## THE PROBLEM
The listing, minus its pictures, is to be given again exactly.

## RECORDED DATA
■ ■ ■ ■ ■ ■ ■
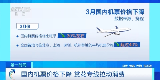 携程公共事务部总监 陈理楠:比如北京到安徽,北京到云南,上海到杭州等等,这些航线都很热门,航班整体机票的价格较之前有了较大幅度的回落。
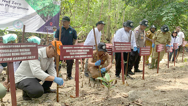 Penanaman mangrove dilaksanakan secara serentak di seluruh Indonesia dalam rangka mewujudkan transformasi Net Zero Carbon di Indonesia.
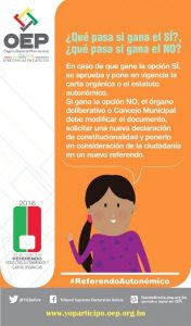 Cuña informativa sobre qué se decidirá y cuál es la pregunta que se realizará en el Municipio de Cuatro Cañadas, Santa Cruz.
■ ■ ■ ■ ■ ■ ■
## EXPECTED ANSWER
 携程公共事务部总监 陈理楠:比如北京到安徽,北京到云南,上海到杭州等等,这些航线都很热门,航班整体机票的价格较之前有了较大幅度的回落。
 Penanaman mangrove dilaksanakan secara serentak di seluruh Indonesia dalam rangka mewujudkan transformasi Net Zero Carbon di Indonesia.
 Cuña informativa sobre qué se decidirá y cuál es la pregunta que se realizará en el Municipio de Cuatro Cañadas, Santa Cruz.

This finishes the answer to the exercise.